The California Legislature adjourned for the year on Sept. 13 after passing bills in recent months to help utilities recover from wildfires, enforce compliance with wildfire safety measures and ensure that customers will continue to have power even with a rapidly changing retail energy supply structure.
Perhaps the most prominent success story with respect to legislation impacting electric utilities thus far this session was when Gov. Gavin Newsom on July 12 signed wildfire damage recovery legislation, or Assembly Bill 1054. Newsom invested substantial political capital in pushing for the measure, which secures billions of dollars to pay for utility-caused wildfire damages and was seen as a crucial means of bolstering the threatened financial health of the state's investor-owned utilities. The law provides for a $21 billion fund that will rely on equal contributions from utility ratepayers and shareholders.
The law helped stabilize the financial ratings outlooks for PG&E Corp. and its subsidiary Pacific Gas and Electric Co., or PG&E; Edison International and its subsidiary Southern California Edison Co., or SCE; and Sempra Energy and its subsidiary San Diego Gas & Electric Co., or SDG&E. However, the new law requires PG&E, which is in the midst of bankruptcy proceedings, to resolve liabilities and exit Chapter 11 reorganization by June 2020 in order to access the insurance fund that would help pay future claims against the utility, which are estimated to be in excess of $30 billion.

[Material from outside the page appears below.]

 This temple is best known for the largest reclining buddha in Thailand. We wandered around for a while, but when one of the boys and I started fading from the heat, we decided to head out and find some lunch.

While PG&E likely will need more help, the legislature failed to pass A.B. 235, an 11th-hour measure that would enable the state's largest investor-owned utility to obtain up to $20 billion in tax-exempt wildfire recovery bonds to compensate victims of wildfires linked to its utility infrastructure. The measure was shelved until 2020 after the bill's author, Assemblyman Chad Mayes, R-Yucca Valley, determined that he did not have the time or support needed to push the measure through in the final days before the recess.
In a statement in which Newsom thanked the legislators for their work so far this session, the governor called for passing "a wildfire resiliency bond" measure. But detractors have called the measure a PG&E bailout bill.

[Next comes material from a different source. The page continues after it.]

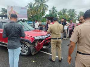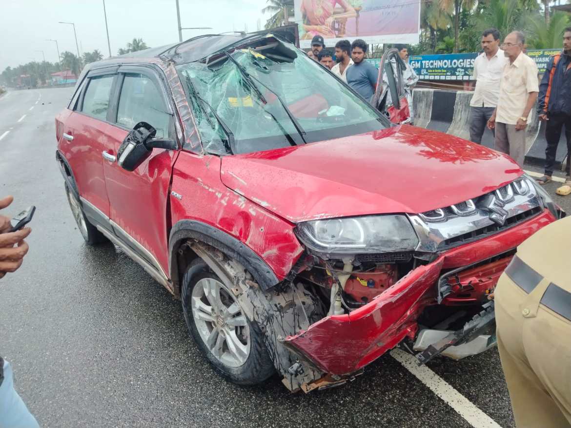 ಕುಂದಾಪುರ ಕಡೆಯಿಂದ ಭಟ್ಕಳ ಕಡೆಗೆ ಚಲಿಸುತ್ತಿದ್ದ ಬ್ರಜ್ಜಾ ಕಾರು ರಾಷ್ಟ್ರೀಯ ಹೆದ್ದಾರಿ ಓವರ್ ಬ್ರಿಜ್ ಮೇಲೆ ಚಾಲಕನ ನಿಯಂತ್ರಣ ತಪ್ಪಿ ಮಗುಚಿ ಬಿದ್ದಿದ್ದು ಅದರಲ್ಲಿರುವ ಚಾಲಕ ಹಾಗೂ ಪ್ರಯಾಣಿಕರು ಸಣ್ಣ ಪುಟ್ಟ ಗಾಯಗಳೊಂದಿಗೆ ಅಪಾಯದಿಂದ ಪಾರಾಗಿದ್ದಾರೆ

The legislature also recently passed, and Newsom subsequently signed, A.B. 111, which created the California Catastrophe Response Council to oversee the wildfire fund created by A.B. 1054 and appoint a wildfire fund administrator. The new law also requires the California Public Utilities Commission to create a Wildfire Safety Division for overseeing and enforcing utility compliance with related regulations. Further, the law established the Office of Energy Infrastructure Safety within the Natural Resources Agency to work on electric infrastructure safety issues with the CPUC's Wildfire Safety Division.
Other bills address changing utility landscape
One measure that will be taken up again next session would designate the California Alternative Energy and Advanced Transportation Financing Authority to undertake backstop procurement of electricity to meet California's climate, clean energy and reliability goals that are not satisfied by utilities and other load-serving entities. Authored by Assemblymember Eduardo Garcia, D-Coachella, A.B. 56 was approved by the Assembly, but supporters in the Senate Energy, Utilities and Communications Committee could not muster enough votes to pass it this year.
Community choice aggregators, or CCAs, and many municipalities lobbied against A.B. 56, saying it would create a new central procurement bureaucracy with overly broad powers and raise customer costs. SCE also opposed the measure, but the bill originated at the request of SDG&E, which wants to get out of the business of supplying power to its retail customers.
Still, concern over which entities ultimately will be responsible for providing electricity to customers if CCAs or other competitive load-serving entities fail to do so prompted the legislature to pass S.B. 520 on Sept. 11. That bill has been sent to the governor.
While PG&E, SCE and SDG&E traditionally have been the electricity providers of last resort, their status as such is in question because CCAs now serve about a quarter of the state's electricity load and customers continue to depart the investor-owned utilities' service for these alternative energy suppliers. Sponsored by Senate Majority Leader Robert Hertzberg, D-Van Nuys, S.B. 520 most likely would require IOUs to continue serving as providers of last resort if alternative providers, including CCAs and direct access energy providers, fail in their service obligations.
The utilities would be required by law to fulfill that obligation because the bill requires any load-serving entity to be regulated as a public utility and be subject to oversight of rates, design and program offerings. The California Community Choice Association, or Cal-CCA, which represents aggregations in the state, opposes the measure, arguing that it elevates the CPUC and investor-owned utilities to roles that naturally should fall to the CCAs and their governing bodies. Cal-CCA said locally elected CCA boards are the primary governing bodies responsible for public oversight of CCA operations so they alone should be responsible for the aggregators' customers.
The state legislature will reconvene its two-year session Jan. 6, 2020.